02 Jun 2021

02 Jun 2021

Review status: this preprint is currently under review for the journal ACP.

Total organic carbon and contribution from speciated organics in cloud water: Airborne data analysis from the CAMP2Ex field campaign

Connor Stahl1, Ewan Crosbie2,3, Paola Angela Bañaga4,5, Grace Betito4, Rachel A. Braun1, Zenn Marie Cainglet4,5, Maria Obiminda Cambaliza4,5, Melliza Templonuevo Cruz4,6, Julie Mae Dado7, Miguel Ricardo A. Hilario4,8, Gabrielle Frances Leung4,9, Alexander B. MacDonald1, Angela Monina Magnaye7, Jeffrey Reid10, Claire Robinson2,3, Michael A. Shook2, James Bernard Simpas4,5, Shane Marie Visaga5,7, Edward Winstead2,3, Luke Ziemba2, and Armin Sorooshian1,8 Connor Stahl et al.
  • 1Department of Chemical and Environmental Engineering, University of Arizona, Tucson, Arizona, 85721, USA
  • 2NASA Langley Research Center, Hampton, Virginia, 23666, USA
  • 3Science Systems and Applications, Inc., Hampton, Virginia, 23666, USA
  • 4Air Quality Dynamics-Instrumentation & Technology Development Laboratory, Manila Observatory, Quezon City, 1108, Philippines
  • 5Department of Physics, School of Science and Engineering, Ateneo de Manila University, Quezon City, 1108, Philippines
  • 6Institute of Environmental Science and Meteorology, University of the Philippines, Diliman, Quezon City, 1101, Philippines
  • 7Regional Climate Systems Laboratory, Manila Observatory, Quezon City, 1108, Philippines
  • 8Department of Hydrology and Atmospheric Sciences, University of Arizona, Tucson, Arizona, 85721, USA
  • 9Department of Atmospheric Science, Colorado State University, Fort Collins, Colorado 80521, USA
  • 10Marine Meteorology Division, Naval Research Laboratory, Monterey, California 93943, USA

Abstract. This work focuses on total organic carbon (TOC) and contributing species in cloud water over Southeast Asia using a rare airborne dataset collected during NASA’s Cloud, Aerosol and Monsoon Processes Philippines Experiment (CAMP2Ex), in which a wide variety of maritime clouds were studied, including cumulus congestus, altocumulus, altostratus, and cumulus. Knowledge of TOC levels and their contributing species is needed for improved modeling of cloud processing of organics and to understand how aerosols and gases impact and are impacted by clouds. This work relies on 159 samples collected with an Axial Cyclone Cloud water Collector at altitudes of 0.2–6.8 km that had sufficient volume for both TOC and speciated organic composition analysis. Species included monocarboxylic acids (glycolate, acetate, formate, and pyruvate), dicarboxylic acids (glutarate, adipate, succinate, maleate, and oxalate), methanesulfonate (MSA), and dimethylamine (DMA). TOC values range between 0.018–13.660 ppm C with a mean of 0.902 ppm C. The highest TOC values are observed below 2 km with a general reduction aloft. An exception is samples impacted by biomass burning for which TOC remains enhanced as high as 6.5 km (7.048 ppm C). Estimated total organic matter derived from TOC contributes a mean of 30.7 % to total measured mass (inorganics + organics). Speciated organics contribute (on carbon mass basis) an average of 30.0 % to TOC in the study region, and account for an average of 10.3 % to total measured mass.

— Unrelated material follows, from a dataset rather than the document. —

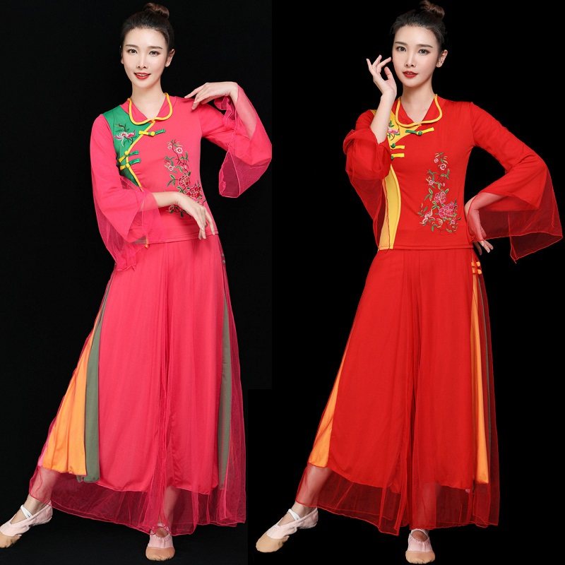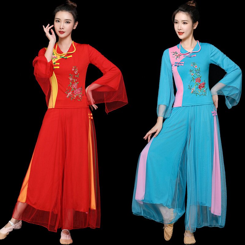 2025新款绣花秧歌服装女夏民族团队健身表演出跳舞蹈服广场舞套装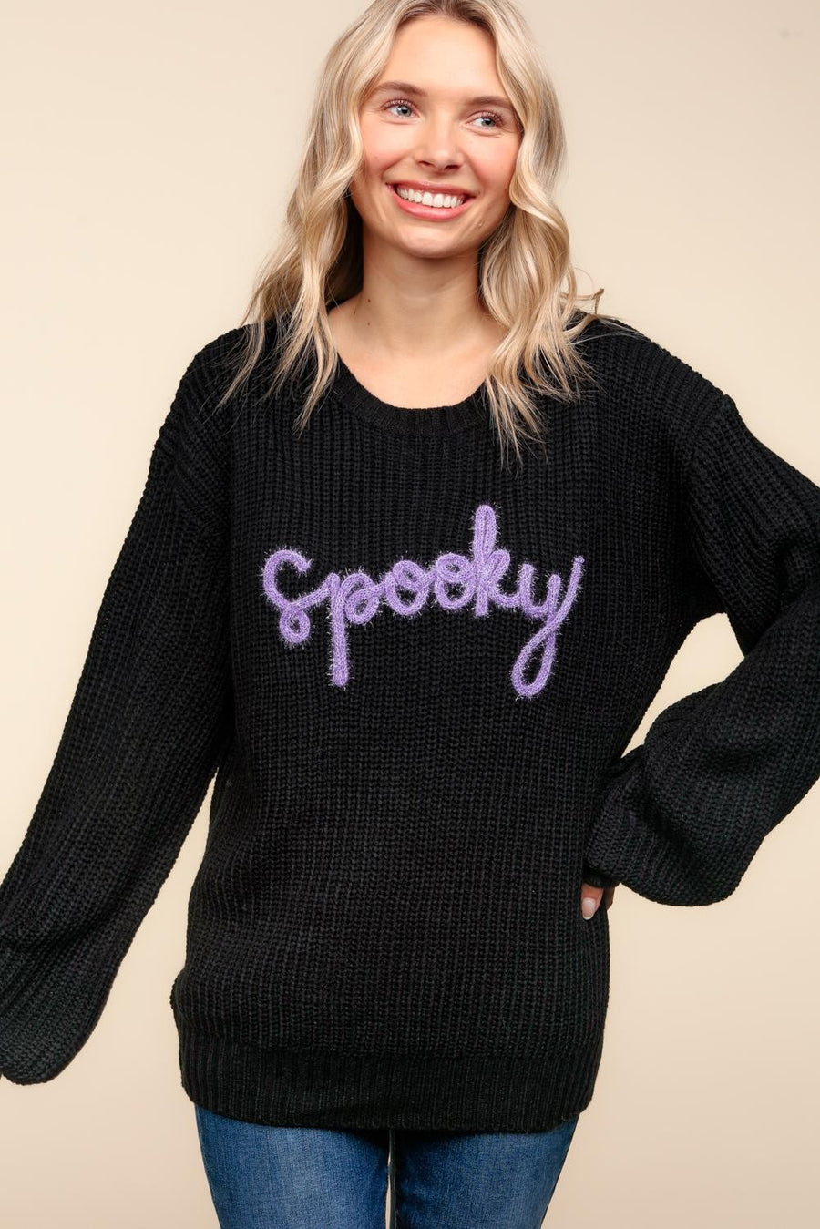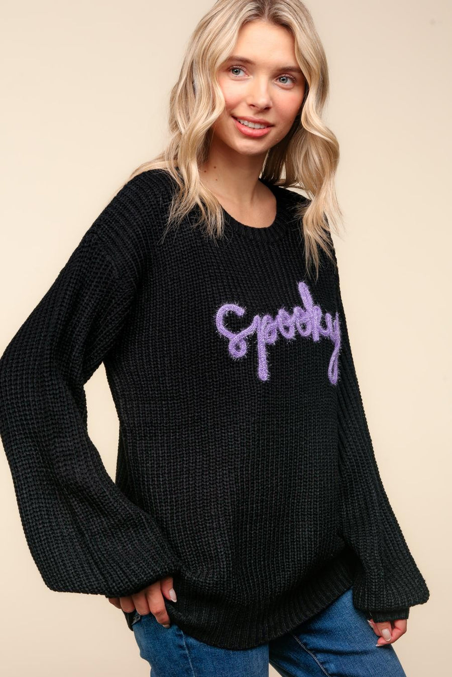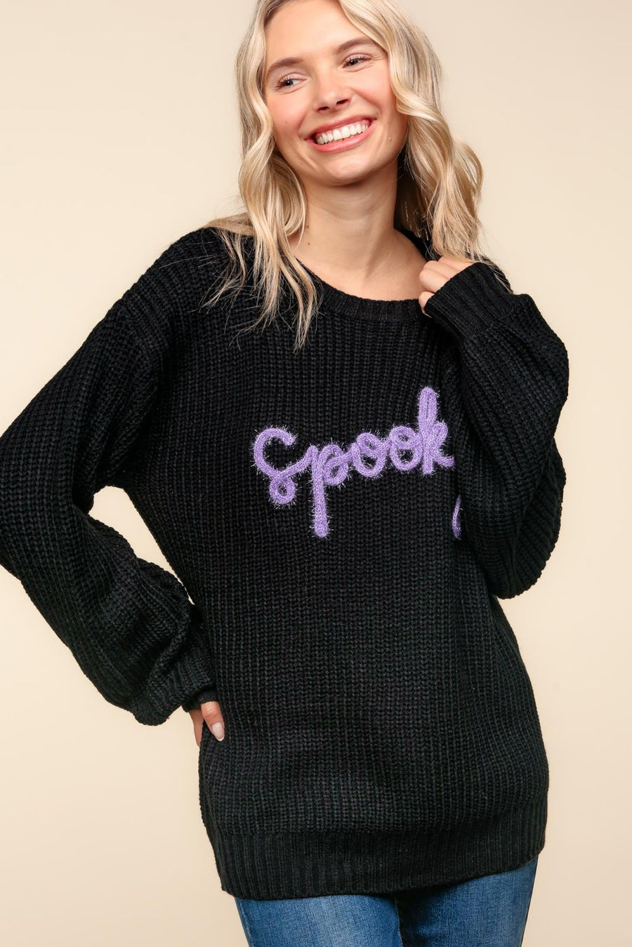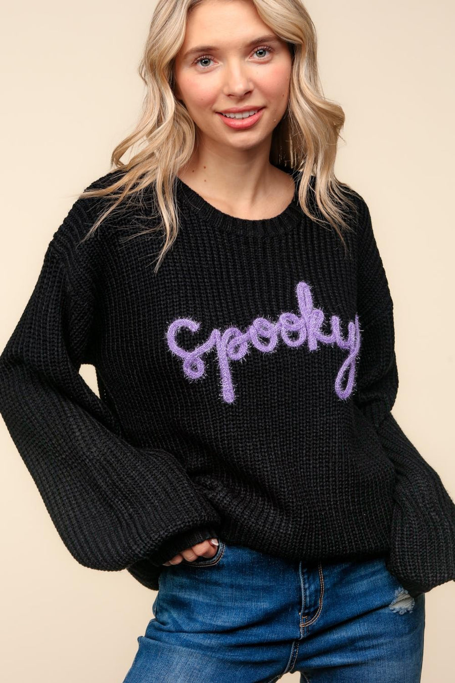 Spooky Pop Up Letter Pullover Sweater

The order of the average contribution of species to TOC, in decreasing contribution of carbon mass, is as follows: acetate (14.7 ± 20.5 %), formate (5.4 ± 9.3 %), oxalate (2.8 ± 4.3 %), DMA (1.7 ± 6.3 %), succinate (1.6 ± 2.4 %), pyruvate (1.3 ± 4.5 %), glycolate (1.3 ± 3.7 %), adipate (1.0 ± 3.6 %), MSA (0.1 ± 0.1 %), glutarate (0.1 ± 0.2 %), maleate (< 0.1 ± 0.1 %). Approximately 70 % of TOC remains unaccounted for, thus highlighting the complex nature of organics in the study region; samples collected in biomass burning plumes have up to 95.6 % of unaccounted TOC mass based on the species detected. Consistent with other regions, monocarboxylic acids dominate the speciated organic mass (~75 %) and are about four times in greater abundance than dicarboxylic acids.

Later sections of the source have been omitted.